Work order
Although the records contain pictures, none belong in the copy: restate word for word only the lines from the one with "叶4-6片在茎端轮生,极少出" through the one with "2026年1月1日,游客在江苏苏州山塘街赏景游玩。", both included.

Material supplied
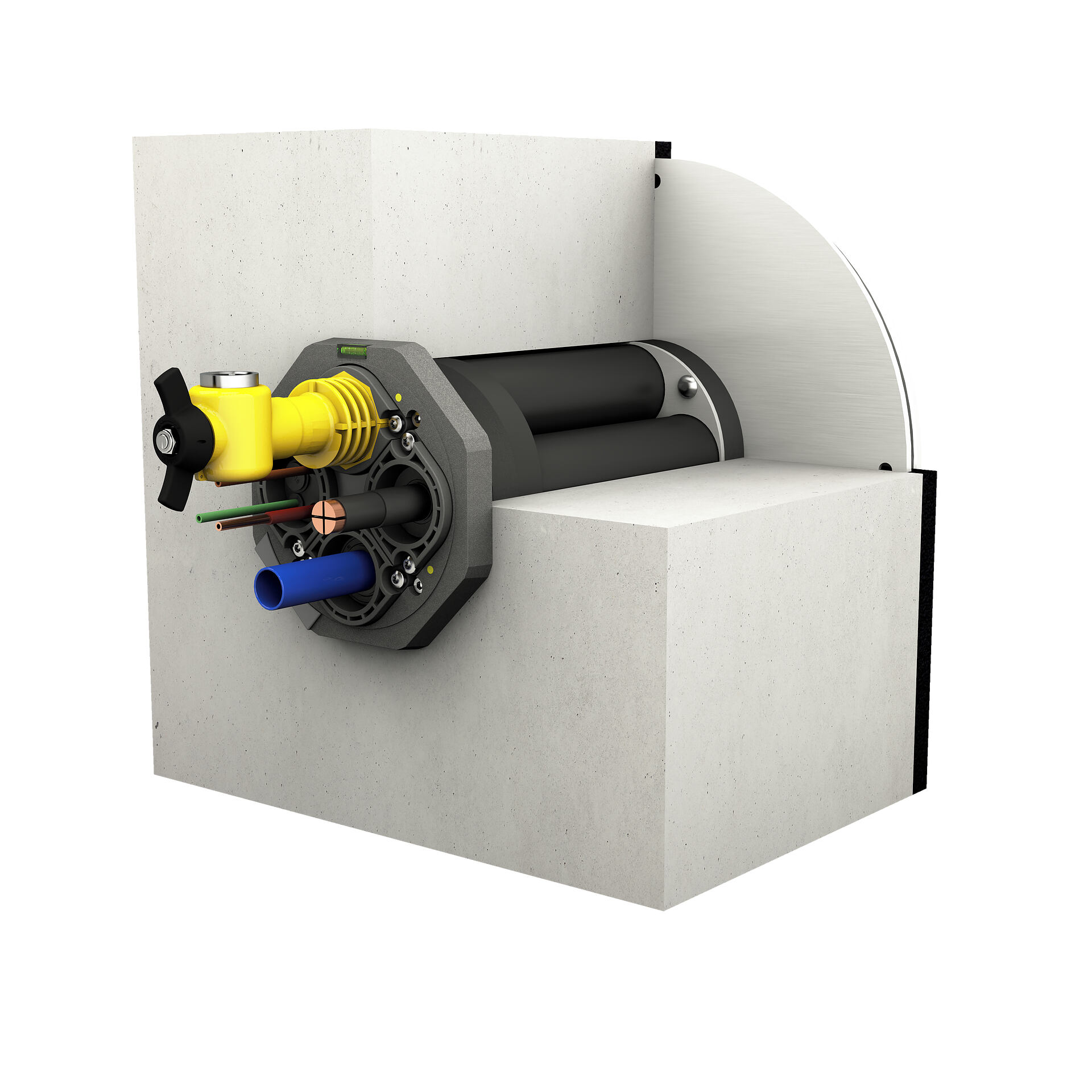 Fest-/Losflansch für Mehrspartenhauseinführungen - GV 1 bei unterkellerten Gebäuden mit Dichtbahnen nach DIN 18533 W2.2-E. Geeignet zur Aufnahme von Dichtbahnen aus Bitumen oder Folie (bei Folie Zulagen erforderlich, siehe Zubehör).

...

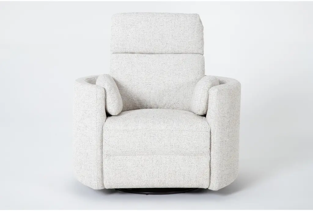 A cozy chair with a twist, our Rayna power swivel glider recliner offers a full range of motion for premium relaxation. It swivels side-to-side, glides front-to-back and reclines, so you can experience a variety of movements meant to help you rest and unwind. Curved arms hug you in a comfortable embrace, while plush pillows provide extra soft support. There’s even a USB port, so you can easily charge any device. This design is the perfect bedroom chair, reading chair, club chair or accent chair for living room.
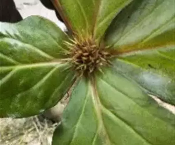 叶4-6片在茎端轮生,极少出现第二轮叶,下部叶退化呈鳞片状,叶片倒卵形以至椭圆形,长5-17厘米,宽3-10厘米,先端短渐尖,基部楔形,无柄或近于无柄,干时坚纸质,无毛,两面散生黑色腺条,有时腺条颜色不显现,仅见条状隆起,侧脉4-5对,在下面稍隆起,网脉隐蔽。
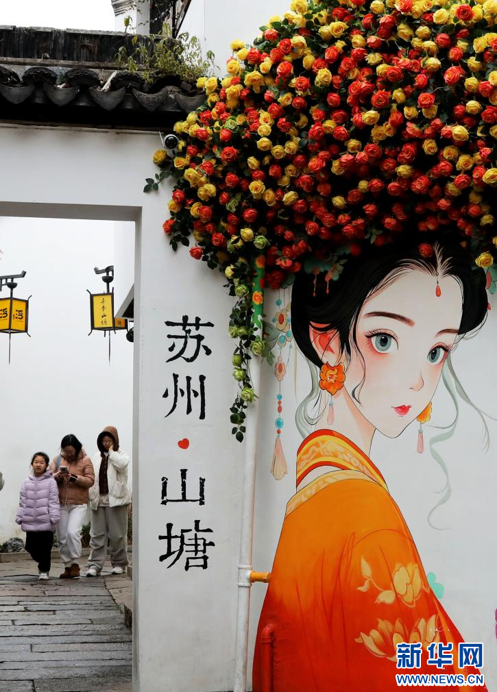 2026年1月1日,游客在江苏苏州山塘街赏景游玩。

Solved exercise
 叶4-6片在茎端轮生,极少出现第二轮叶,下部叶退化呈鳞片状,叶片倒卵形以至椭圆形,长5-17厘米,宽3-10厘米,先端短渐尖,基部楔形,无柄或近于无柄,干时坚纸质,无毛,两面散生黑色腺条,有时腺条颜色不显现,仅见条状隆起,侧脉4-5对,在下面稍隆起,网脉隐蔽。
 2026年1月1日,游客在江苏苏州山塘街赏景游玩。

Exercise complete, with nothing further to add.